Saturday, July 30, 2011

What is a Haagerschnitzel? And, How to make a baking pan

To the astute reader and the curious Germans,

You may never have heard of a Haagerschnitzel, but I'll define the term loosely for you.  It's a decadent roll, made by German housefraus and a traditional treat made by Navy wives.  It consists of a sweet dough, rolled with cinnamon, sugar, cardamom, and butter, and laid in a deep pan coated with a caramel slurry.  it is then baked for about twenty minutes, and dumped out of the pan to produce a smashed-looking flat roll, swirled with caramel-cinnamon goodness.

Haagerschnitzels are surprisingly tender, and the fact that they are rolled and
then flattened gives them a flaky effect. Gooey goodness! 

Julia Child once said, "Never apologize for anything that comes out of your kitchen."  This has become one of my three life-mottoes (the others are, for the record, the more the merrier and waste not, want not). 

That is where the haagerschnitzel came from.  As Mrs. S and I stood dumbstruck in front of four pans of shoulda-been cinnamon rolls, we realized that they looked nothing like what a cinnamon roll should.  The dough, having suffered several slammed doors, extreme cold, extreme heat, humidity, a car ride across town, and a thorough beating, rolling, and baking, had collapsed in utter exhaustion into the puddles of caramel, and sagged wearily across the pan like a pathetic child that does not want to finish his chores.

It takes a long time to make dough, when you have to work in a hotel room
where all of the ingredients and dishes are stacked in boxes in a closet,
underneath your suitcase of clothes, on top of which is the bag of laundry!!
It all started out quite normally ... well, as normal as can be when you are
cooking on a hotel writing desk!
I took the children out on a ride about town ... 

So much for sticky buns, we said grimly.  But, we were not conquered yet - these were most definitely not cinnamon rolls, Mrs. S determined, but they were in fact something.  We just had to come up with the name.

"Something French," I suggested.

"I never took French," she said Rue-fully, "but I did take some German."

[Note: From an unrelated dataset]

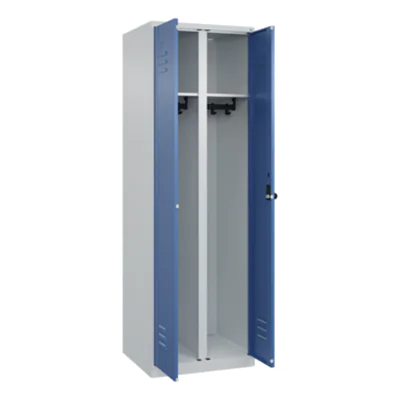 C+P Kleiderspind Classic PLUS 600 x 1.850 x 500 mm (B x H x T) 2 Abteile Stahl Farbe der Front: fernblau Farbe des Korpus: lichtgrau
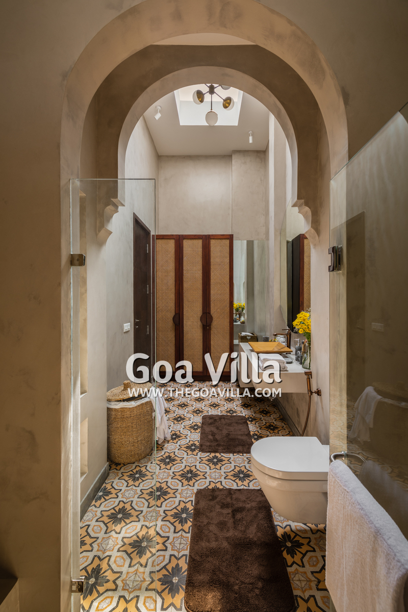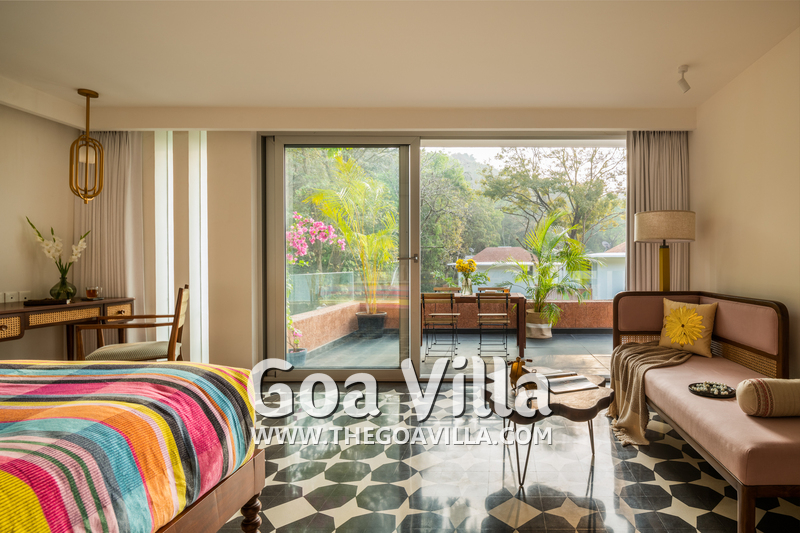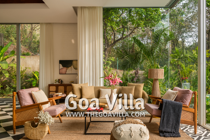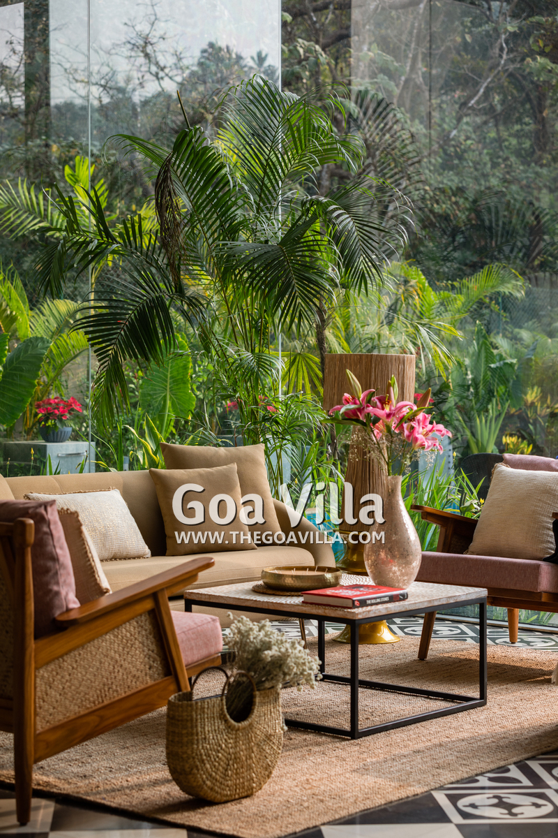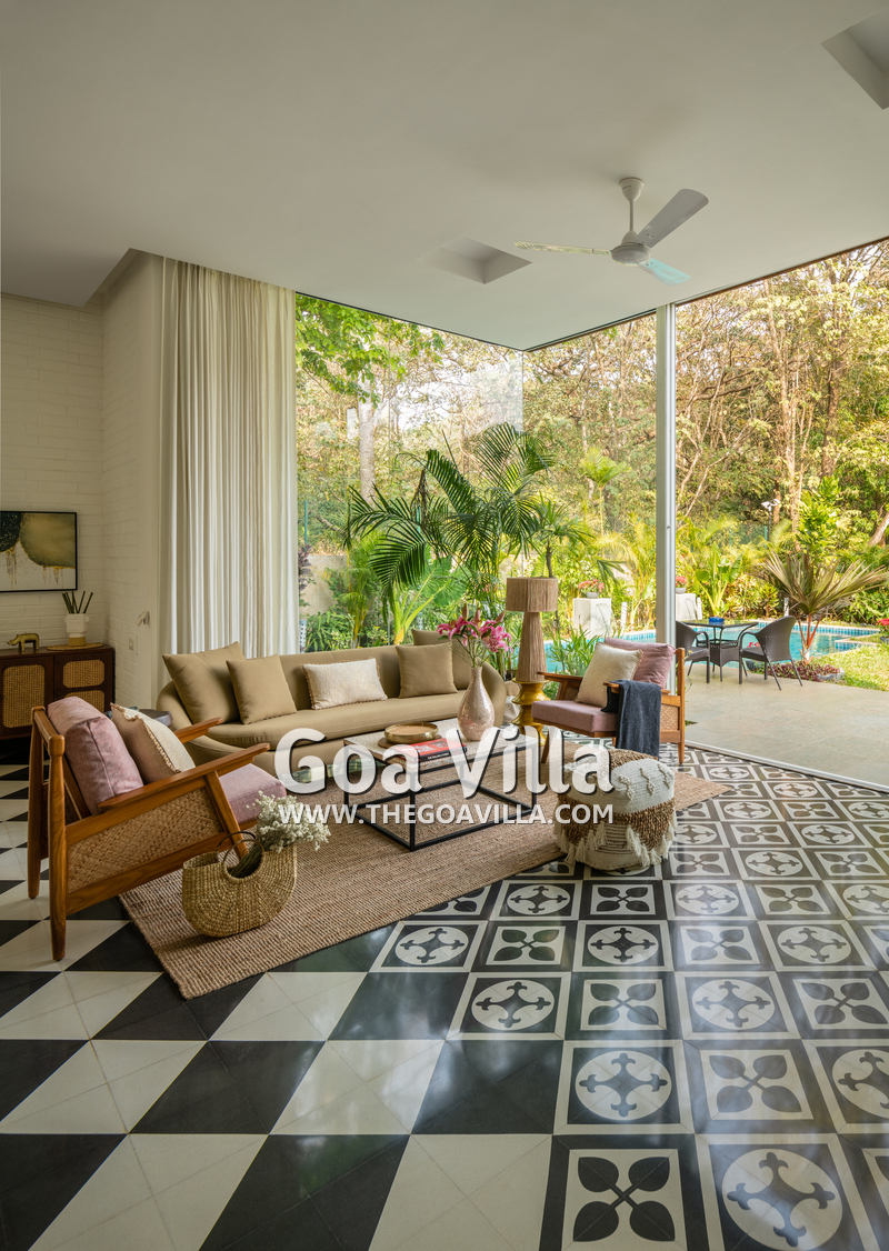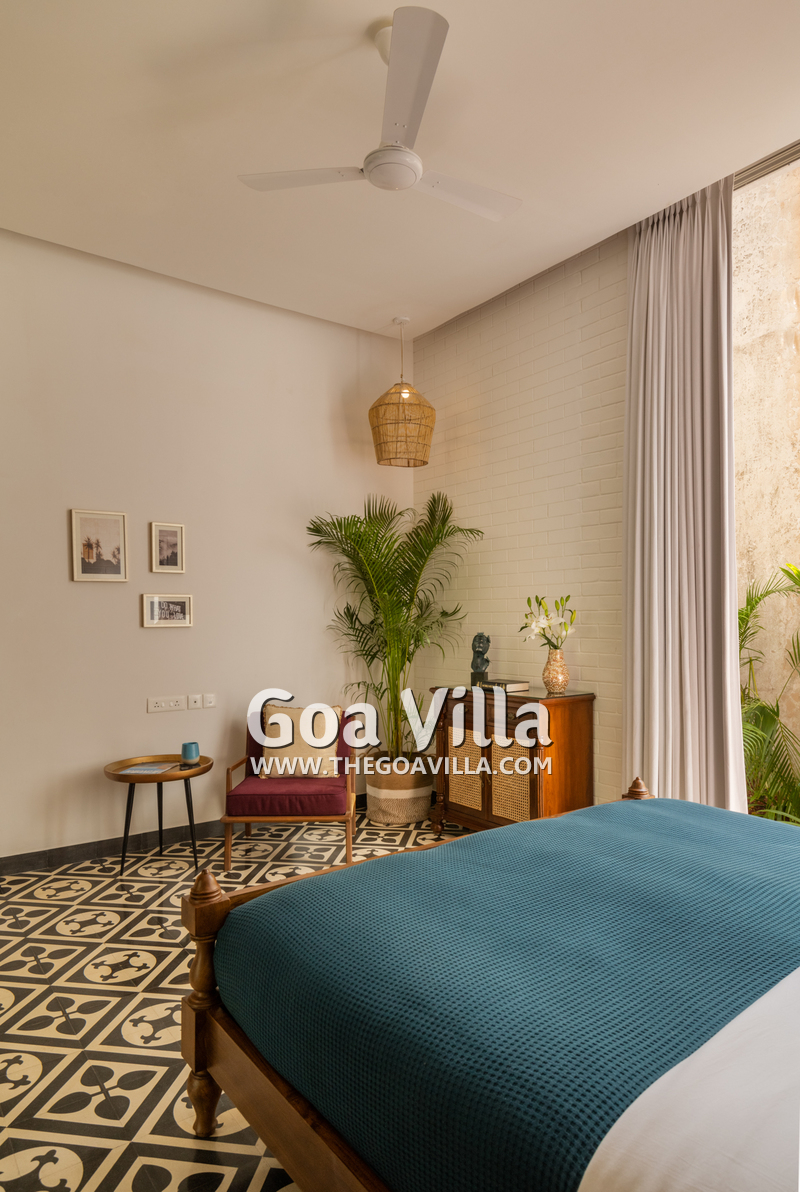 This luxury villa for rent is located next to a forested hill, which is called the Assagao Rainforest. It is beautiful and a popular hiking area in the neighborhood. Several beaches – Vagator, Anjuna, Morjim, and Ozran are an easy drive from this house. Even Baga Beach is nearby.

"Aha!" I said, and stared into the pan at the sad, drooping buns.  "How about .. haager ... schnitzels?"  It sounded pretty German to me, and most likely was birthed from years of watching Hoganschmidt come up with fanciful German names on the fly to evade the Nazis.  Triumphantly, I followed up the new term with the description I just gave above, and Mrs S acknowledged that it was Good Enough and we agreed to complicity. 

That evening, in our respective homes, we served our haagerschnitzels to receptive audiences which accepted them without complaint and commented that they were very good.

Mrs S is an accomplished baker, and a food critic in her own right. She is a
reviewer for both the San Francisco and the Sacramento Reviews, and has
willingly shared with me delicious and wonderful new cookbooks and family
recipes!  Here, she rolls out some pie crust for a cherry pie ... 

As my mom used to say, "Fake it."

As Ma Ingalls used to say, "It's an ill wind that blows no good."

As I used to say, "Haagen-Dazs weinerschnitzel gesundheit sprechen sie Deutsch?"

In pursuit of new creations and ever-cleverer terminology,

Mrs H
twitter.com/_mrs_h

Kitchen Understudy: How to make a baking pan in a hotel room

I ran out of pans for rolls, but I had a shallow baking pan.  I lined it with two layers of foil and then crushed them up and around to make a pan.  It worked quite well!  It was sturdy enough that when I flipped the pan over to dump out the haagerschnitzels and caramel, it did not fall apart.  If you were desperate enough, this would probably work okay without the bottom pan for support; it just wouldn't be easy to transport in and out of the oven!